Yes, but that's because it's your information that you're buying said company.

However, there are other rules that apply to corporate take-overs. In the US,
you have to disclose when you reach a certain ownership level. (And no, you
can't avoid that by colluding with other people.)

> This may be accurate. I was under the impression that insider trading
> referred to possessing and using information that would have a material
> effect on the stock price.

That's why I posted the definition and link.

> i.e. nobody's "duty of trust" is breached if a cab driver overhears his
> rider talking about a big deal, but I'd assume that the cab driver could get
> in trouble for acting on the information.

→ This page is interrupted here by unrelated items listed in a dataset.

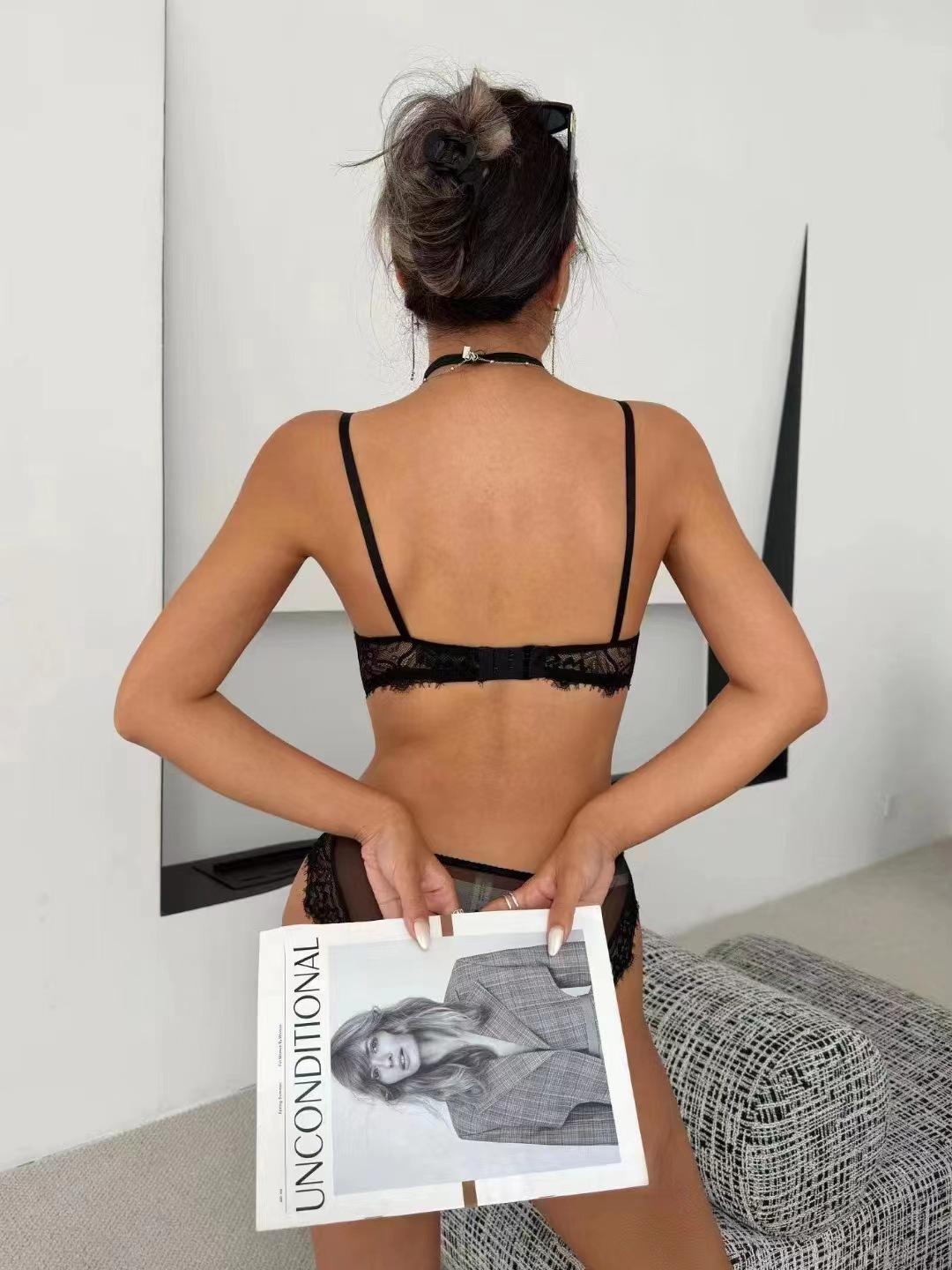 Lencería sexy transfronteriza nueva, conjunto de lencería de encaje ultrafino francés, pecho grande, sujetador pequeño antiflacidez |
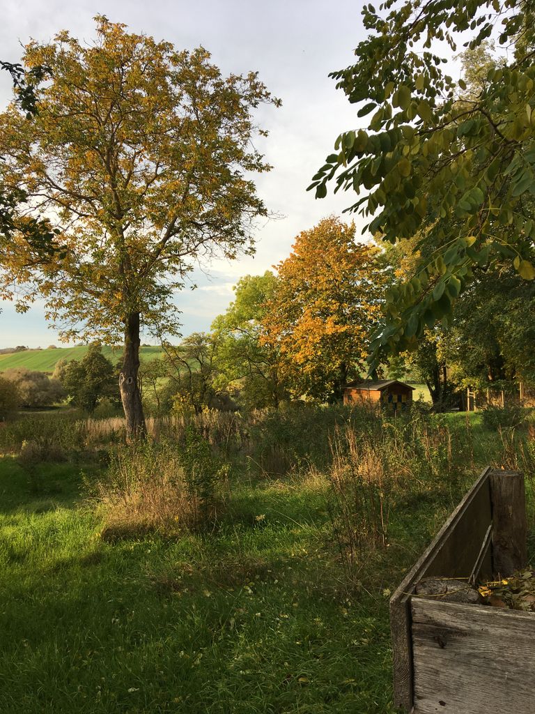 Orts-Randlage mit nur 1 direktem Nachbar. Der Blick vom Grundstück suggeriert Alleinlage. Alter Baumbestand vorhanden.
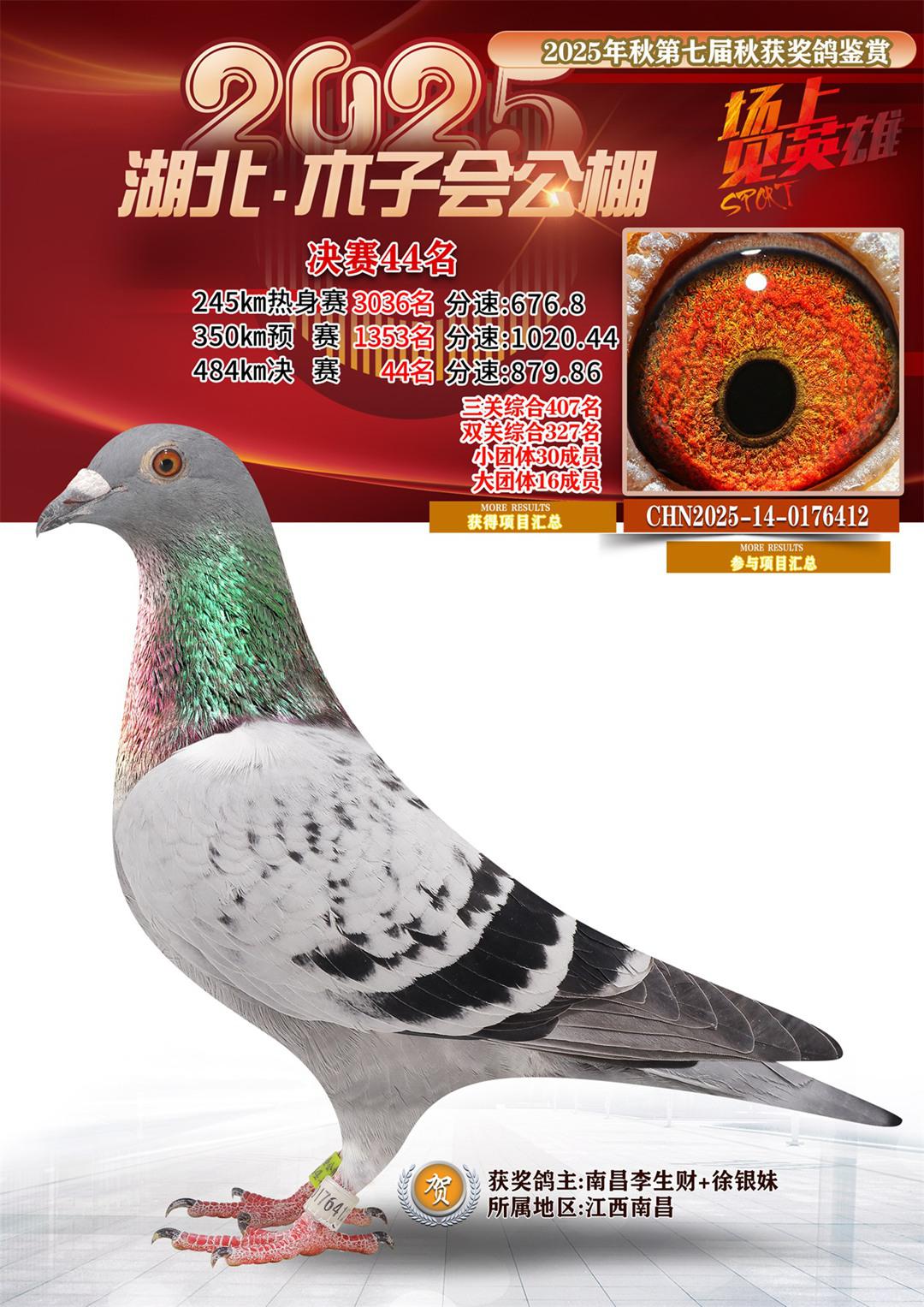湖北省木子会公棚2025决赛44名南昌李生财+徐银妹14-0176412江西南昌获奖鸽展示!

Actually, the person who was overheard violated the breach of trust.

> If it's really about trading based on information obtained through a breach
> of trust, you end up in an odd situation: either any breach makes all trades
> insider trades (i.e. executive tells information to his secretary, who leaks
> it to a journalist)

Huh? There's at least one obvious breach of trust in that chain.

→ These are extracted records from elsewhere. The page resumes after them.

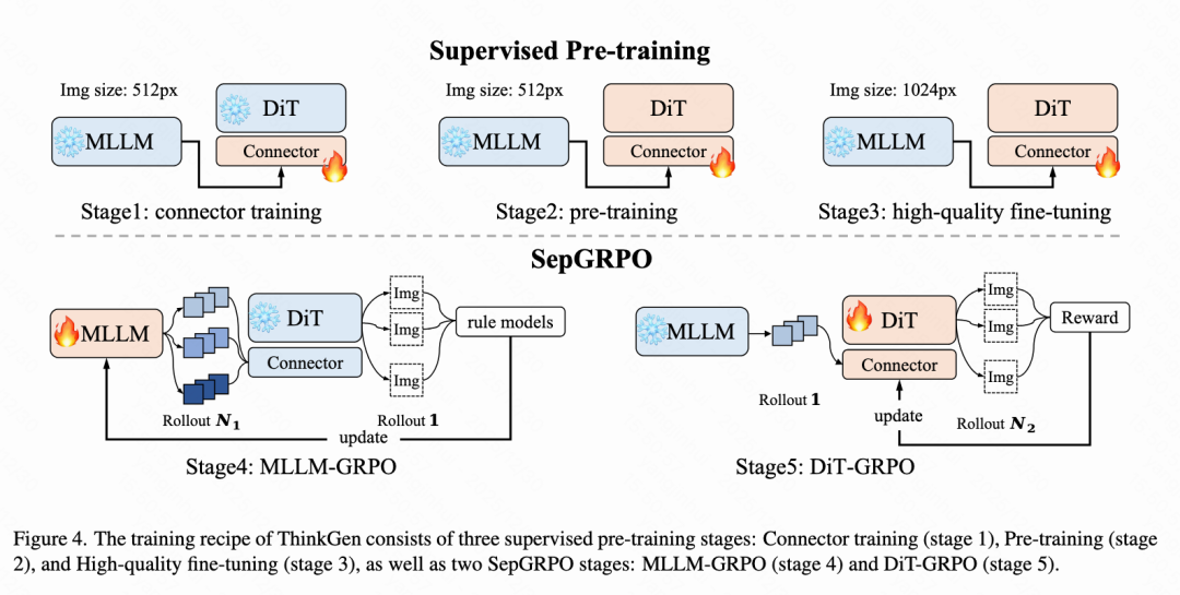 训练策略 ThinkGen 的训练分为五个不同的阶段,如下图4所示。首先,对 DiT 进行监督预训练(阶段 1-3)以确保高质量的图像生成。随后,引入了一种称为 SepGRPO 的可分离 MLLM 和 DiT 强化学习方法(阶段 4-5)。通过 SepGRPO 训练,MLLM 学习生成与 DiT 偏好最佳对齐的描述或编辑指令,而 DiT 则在此基础上进一步优化以生成更优质的图像。
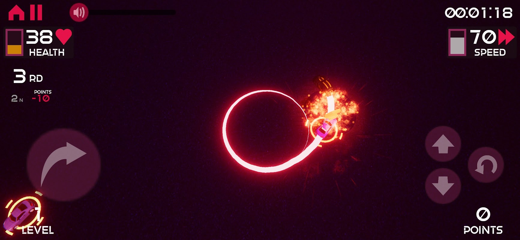 Gracz musi uderzać/zbierać samochody bonusowe. Bonusowe samochody albo leczą gracza, albo dają punkty.
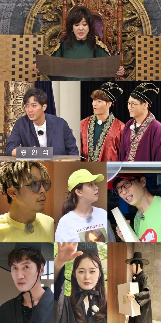 망자 ‘유재석, 하하, 송지효’의 무죄를 입증해 환생을 도울 차사로는 ‘이광수, 전소민, 양세찬’이 나섰으며 죄를 입증하는 판관으로는 ‘지석진, 김종국’이 맡아 엄청난 폭로담과 함께 치열한 진실 공방전을 예고했다. 제작진은 “‘유재석 몰이’에 유독 자신감을 보인 김종국의 심문은 경악 그 자체였다”고 전해 기대를 모은다.
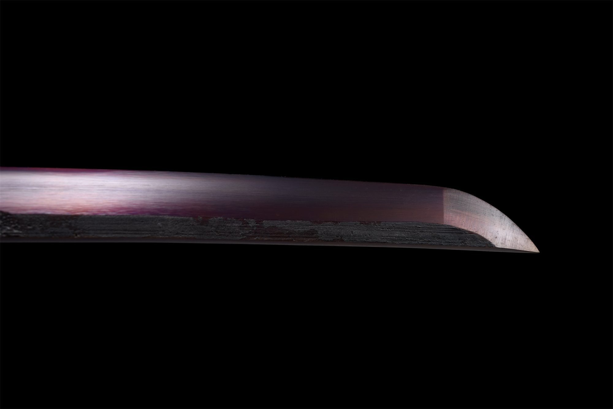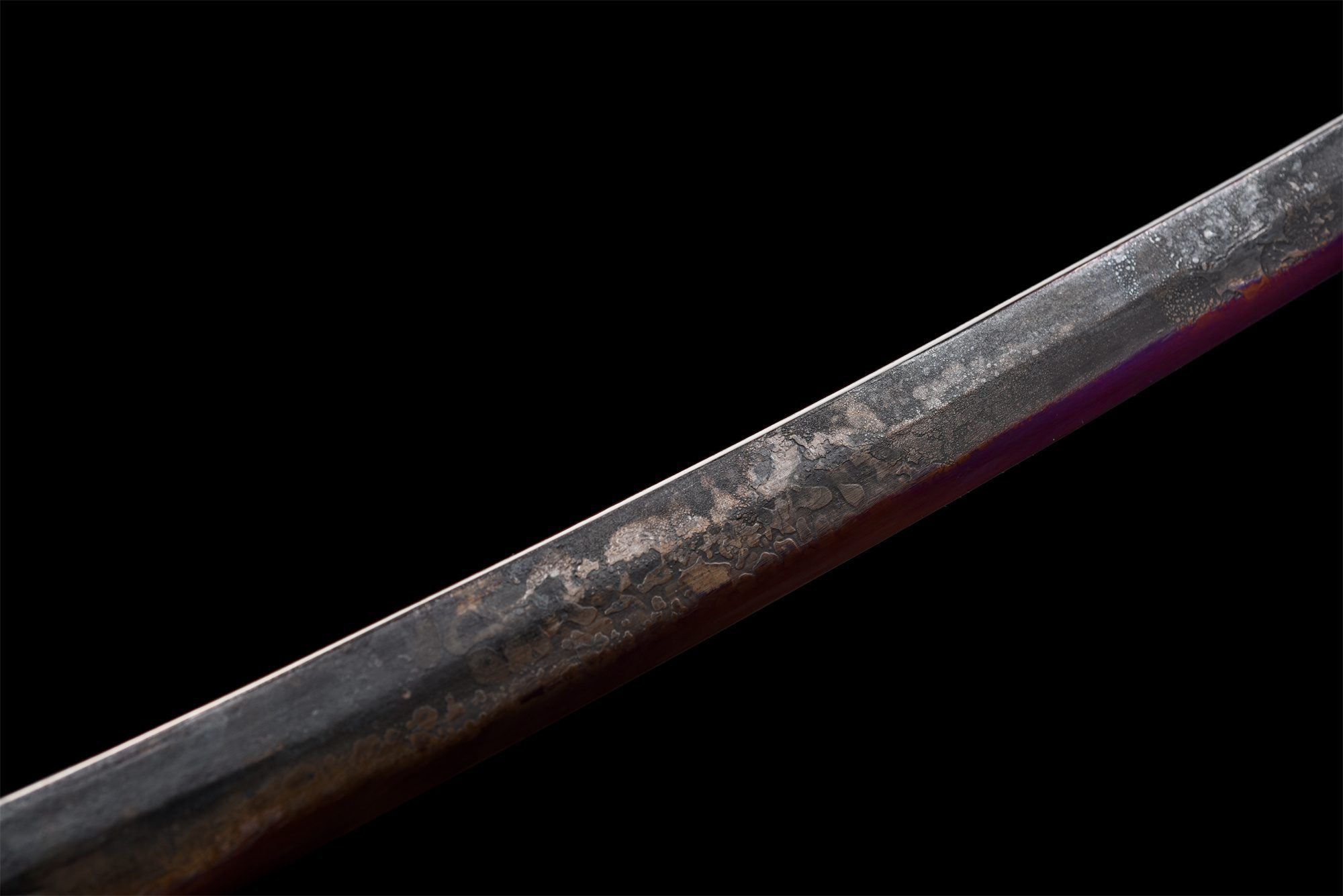 - Blauw gepatineerd mangaanstalen lemmet met zilveren, paarse en rode accenten, naar keuze geslepen of ongeslepen, volledige tang.

Yes, any breach makes the resulting trades insider trades. No, that doesn't
imply that all trades involve such breaches.

------
patio11
And if you think your purchases say a lot about you, just wait until somebody
gets a hold of your social network data.

(I am willing to bet that "Percentage of friends who divorced" and "Percentage
of friends who divorced recently" both whallop any naive demographic predictor
of divorce risk you care to name.)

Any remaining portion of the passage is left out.